• ABOUT THIS TASK:
Where a picture appears in the data below, exclude it; restate everything else word for word.

• EXERCISE DATA:
==================================================

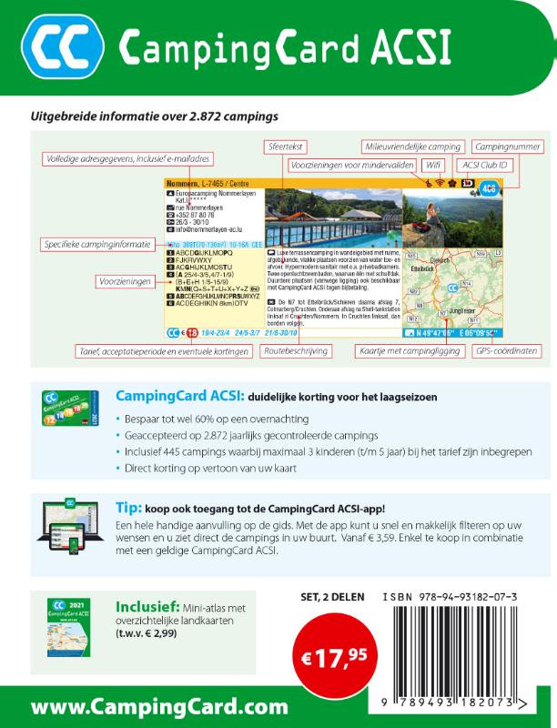 - Nog voordeliger kamperen in het laagseizoen - Bespaar tot wel 60% per nacht - Meer dan 3.000 deelnemende campings, jaarlijks geïnspecteerd - Binnen vier nachten terugverdiend Heel veel kampeervoordeel in het laagseizoen Wie wil er nou niet extra voordelig kamperen in het laagseizoen? Met CampingCard ACSI betaalt u nooit meer te veel voor uw overnachtingen in het voor- en najaar. Op meer dan 3.000 campings in Europa overnacht u dan voor een vast, laag tarief van € 12, € 14, € 16, € 18 of € 20 per nacht*. Heel veel voordeel voor iedere kampeerder die graag buiten het hoogseizoen op vakantie gaat. Zelfs zo voordelig, dat het aankoopbedrag al binnen vier nachten is terugverdiend**. Hoe werkt CampingCard ACSI? CampingCard ACSI is een campinggids inclusief een kortingskaart. De kaart haalt u uit de gids en voorziet u van uw gegevens. Op vertoon van een geldige kortingskaart rekenen deelnemende campings het extra voordelige tarief voor twee personen. Zo eenvoudig is het! Alle meer dan 3.000 deelnemende campings vindt u in de tweedelige CampingCard ACSI-gids. Overzichtelijk weergegeven per land ziet u direct wat u over een camping wilt weten: de ligging, de aanwezige voorzieningen, het overnachtingstarief en de acceptatieperiode van de kortingskaart. Inclusief GPS-coördinaten voor een perfecte navigatie. Standaard meegeleverd bij CampingCard ACSI: - CampingCard ACSI-gids 2021 (tweedelig) - CampingCard ACSI-kortingskaart 2021 - Mini-atlas met alle deelnemende campings - Extra bijlage met de ACSI Klein & Fijn-campings waar u ook met de CampingCard ACSI-kortingskaart terecht kunt *De exacte acceptatiedata verschillen per camping. In de gids leest u in welke periode(s) de camping de CampingCard ACSI-kortingskaart accepteert. **Gebaseerd op de normale overnachtingstarieven in mei, juni en september.
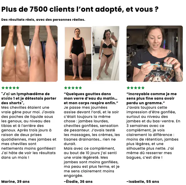 Sa formule cible le réseau lymphatique—le système chargé d’évacuer l’excès d’eau et les déchets métaboliques—et favorise la microcirculation. Résultat : le corps draine mieux, l’inconfort dû à la rétention d’eau diminue, et l’apparence du ventre paraît plus plate tandis que les jambes se sentent plus légères. Le tout, avec une action progressive et respectueuse de l’équilibre naturel.
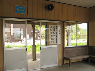 駅舎内にて。出札口。けっこう荒れている。

==================================================

• RESPONSE BOX:
 - Nog voordeliger kamperen in het laagseizoen - Bespaar tot wel 60% per nacht - Meer dan 3.000 deelnemende campings, jaarlijks geïnspecteerd - Binnen vier nachten terugverdiend Heel veel kampeervoordeel in het laagseizoen Wie wil er nou niet extra voordelig kamperen in het laagseizoen? Met CampingCard ACSI betaalt u nooit meer te veel voor uw overnachtingen in het voor- en najaar. Op meer dan 3.000 campings in Europa overnacht u dan voor een vast, laag tarief van € 12, € 14, € 16, € 18 of € 20 per nacht*. Heel veel voordeel voor iedere kampeerder die graag buiten het hoogseizoen op vakantie gaat. Zelfs zo voordelig, dat het aankoopbedrag al binnen vier nachten is terugverdiend**. Hoe werkt CampingCard ACSI? CampingCard ACSI is een campinggids inclusief een kortingskaart. De kaart haalt u uit de gids en voorziet u van uw gegevens. Op vertoon van een geldige kortingskaart rekenen deelnemende campings het extra voordelige tarief voor twee personen. Zo eenvoudig is het! Alle meer dan 3.000 deelnemende campings vindt u in de tweedelige CampingCard ACSI-gids. Overzichtelijk weergegeven per land ziet u direct wat u over een camping wilt weten: de ligging, de aanwezige voorzieningen, het overnachtingstarief en de acceptatieperiode van de kortingskaart. Inclusief GPS-coördinaten voor een perfecte navigatie. Standaard meegeleverd bij CampingCard ACSI: - CampingCard ACSI-gids 2021 (tweedelig) - CampingCard ACSI-kortingskaart 2021 - Mini-atlas met alle deelnemende campings - Extra bijlage met de ACSI Klein & Fijn-campings waar u ook met de CampingCard ACSI-kortingskaart terecht kunt *De exacte acceptatiedata verschillen per camping. In de gids leest u in welke periode(s) de camping de CampingCard ACSI-kortingskaart accepteert. **Gebaseerd op de normale overnachtingstarieven in mei, juni en september.
 Sa formule cible le réseau lymphatique—le système chargé d’évacuer l’excès d’eau et les déchets métaboliques—et favorise la microcirculation. Résultat : le corps draine mieux, l’inconfort dû à la rétention d’eau diminue, et l’apparence du ventre paraît plus plate tandis que les jambes se sentent plus légères. Le tout, avec une action progressive et respectueuse de l’équilibre naturel.
 駅舎内にて。出札口。けっこう荒れている。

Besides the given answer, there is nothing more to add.